13. The apparatus of any of claims 9-12, wherein the object detection module comprises:

the spatial position obtaining sub-module is used for obtaining the corresponding spatial position of the initial detection frame in the BEV scene based on the equipment internal parameters of each image acquisition equipment;

a second BEV feature determination submodule, configured to determine, based on the scene BEV feature, a second BEV feature corresponding to the obtained spatial position;

a target detection sub-module to detect a detection target in the captured image based on the second BEV feature and the obtained image if the second BEV feature is a BEV feature characterizing the target.

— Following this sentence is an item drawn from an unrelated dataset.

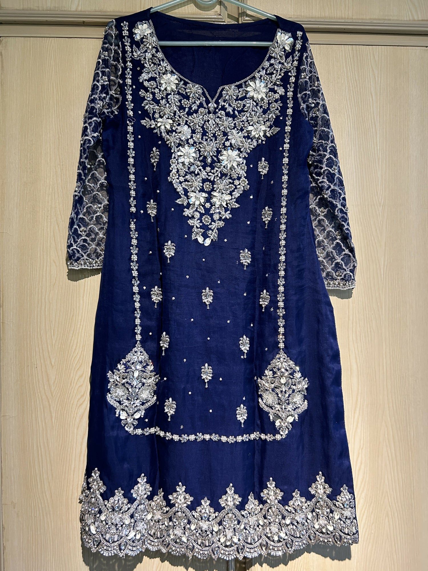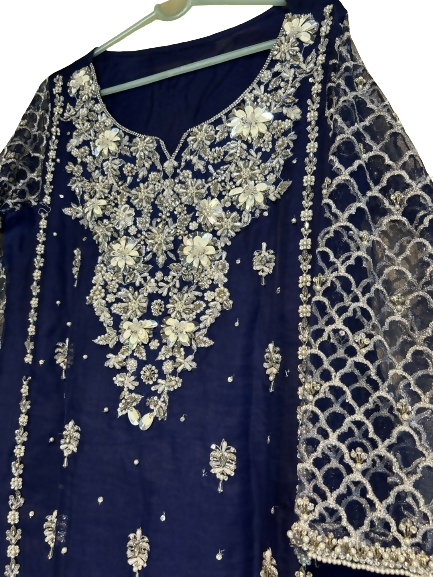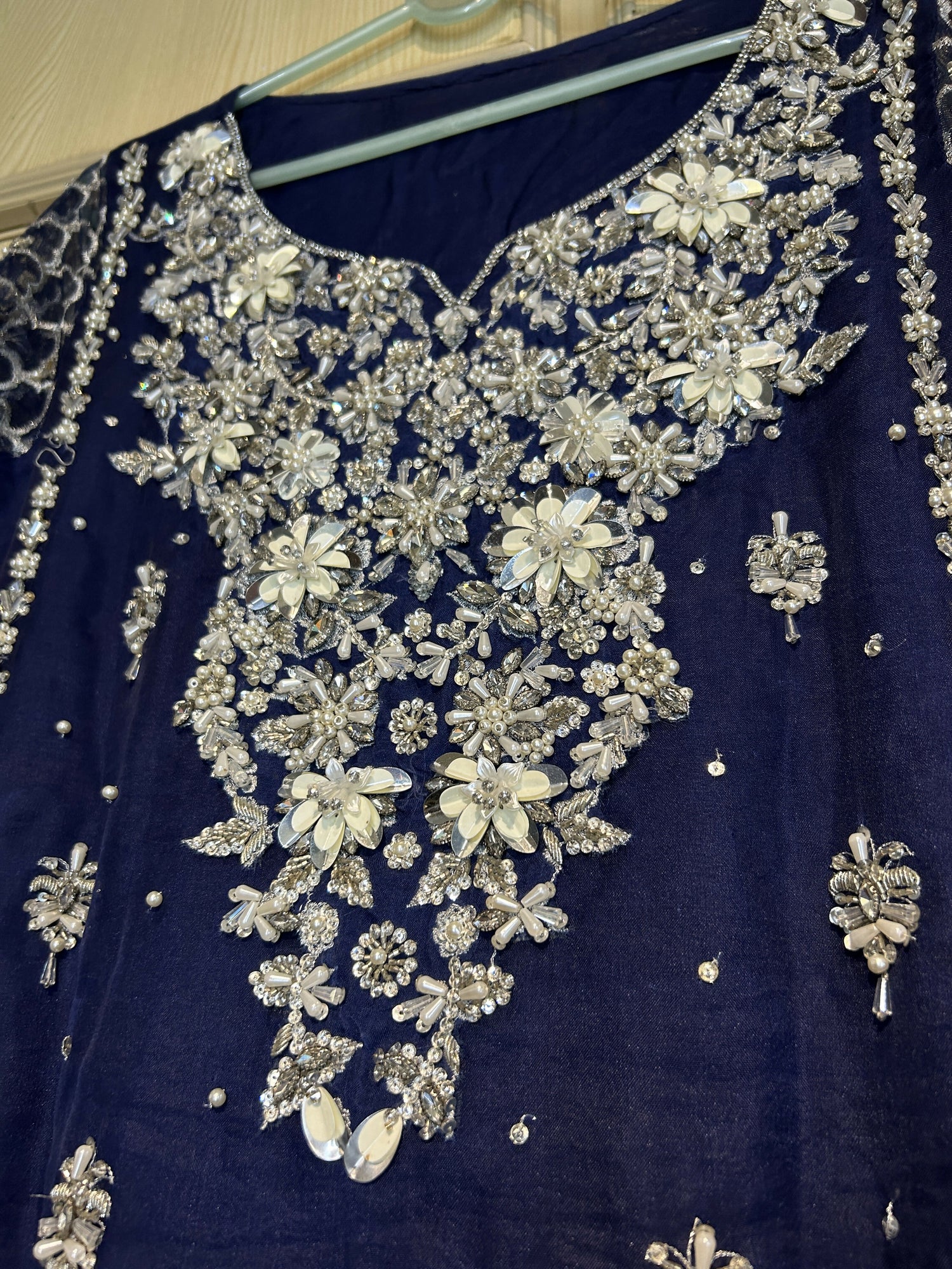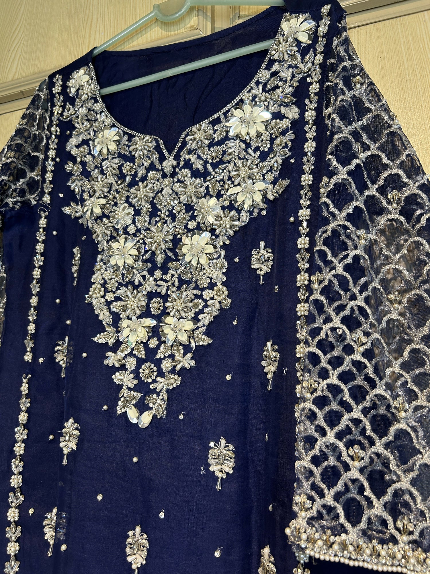 Dark Blue Fancy 3 Pc Suit | Women Locally Made Formals| Medium | New

14. The apparatus of claim 13, wherein,

the spatial position obtaining submodule is specifically configured to obtain, based on device internal parameters of each image acquisition device, a first spatial position corresponding to the initial detection frame in the BEV scene and a second spatial position within a second preset range of the first spatial position;

the second BEV feature determination sub-module is specifically configured to determine, based on the scene BEV feature, a first sub-BEV feature corresponding to the first spatial position and a second sub-BEV feature corresponding to the second spatial position, and perform weighted fusion on the determined first sub-BEV feature and the second sub-BEV feature to obtain a second BEV feature.

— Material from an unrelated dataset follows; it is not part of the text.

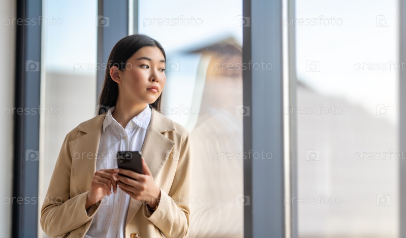 Азиатская женщина пользуется телефоном
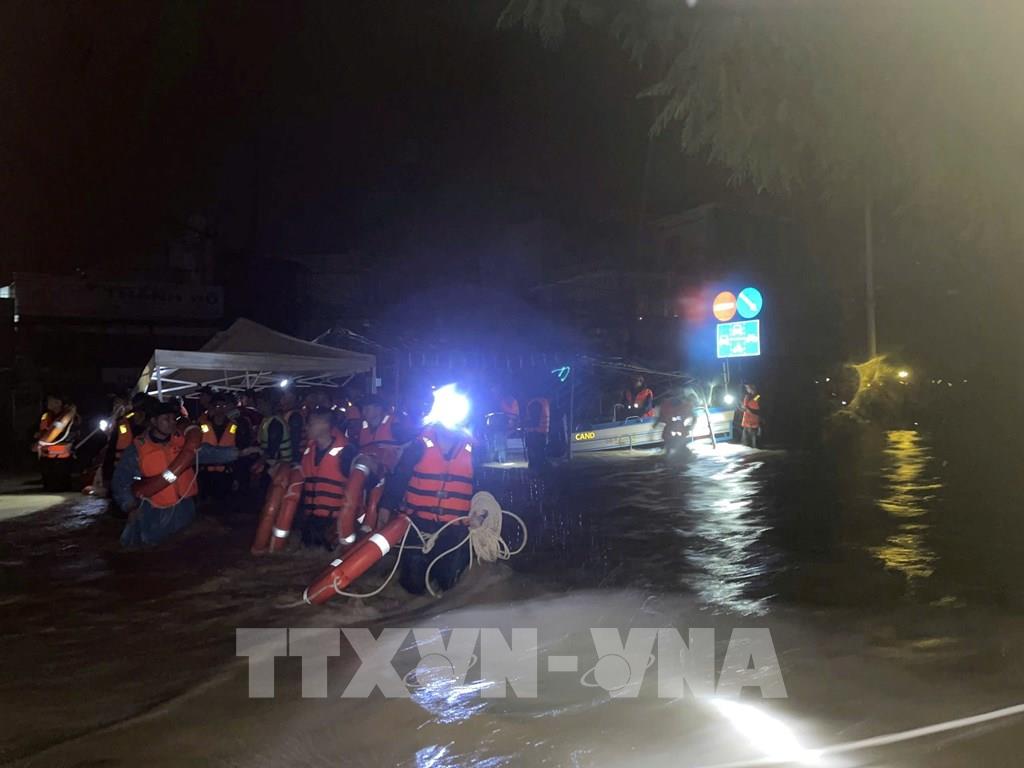 Lực lượng hải quân Vùng 4 ứng cứu người dân vùng ngập lụt trong đêm. Ảnh: TTXVN phát

15. A model training apparatus comprising:

a sample input module, configured to input the sample BEV characteristics into a preset neural network model for target detection, so as to obtain a target detection result output by the neural network model, where the neural network model includes: a thermodynamic diagram generation network layer for generating a thermodynamic diagram, wherein a response value of each position in the thermodynamic diagram represents a probability that a sample target exists at each position in the BEV scene, the target detection result is obtained according to each sample initial detection frame, and each sample initial detection frame is determined based on the thermodynamic diagram;

the difference obtaining module is used for obtaining a first difference between each sample initialization detection frame and an annotation frame in the obtained sample image and a second difference between the thermodynamic diagram and a sample thermodynamic diagram generated based on the annotation frame in the obtained sample image;

16. The apparatus of claim 15, wherein,

the difference obtaining module is specifically used for determining each target marking frame closest to the distance between each initial detection frame and each target marking frame; and obtaining a first difference between each initial detection frame and the corresponding target labeling frame and a second difference between the thermodynamic diagram and a sample thermodynamic diagram generated based on the labeling frames in the obtained sample image.

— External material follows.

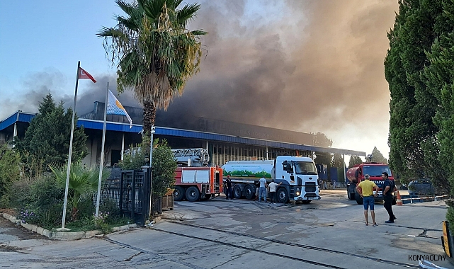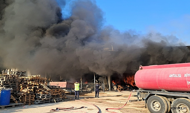 Antalya’nın Serik ilçesinde soğuk hava deposu ve bitişiğindeki imalathanede yangın çıktı. Bölgeye sevk edilen ekipler, alevlere müdahale ediyor.
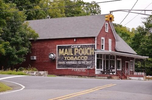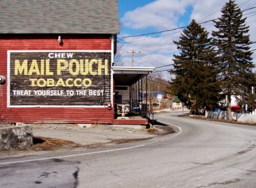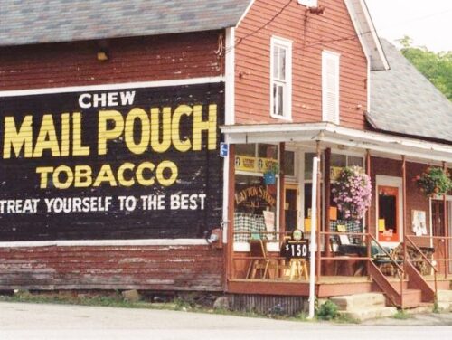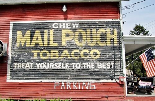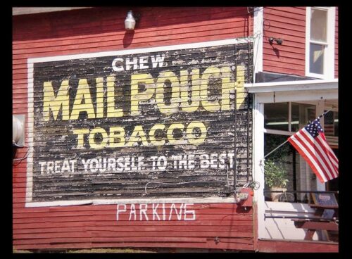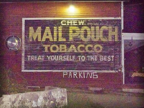 Photo 2 was taken by Jeffrey Hendershot while Harley Warrick was painting the Mail Pouch sign in 1977.

17. An electronic device, comprising:

at least one processor; and

the memory stores instructions executable by the at least one processor to enable the at least one processor to perform the method of any one of claims 1-6 or 7-8.

18. A non-transitory computer readable storage medium having stored thereon computer instructions for causing the computer to perform the method of any of claims 1-6 or 7-8.

19. A computer program product comprising a computer program which, when executed by a processor, implements the method of any one of claims 1-6 or 7-8.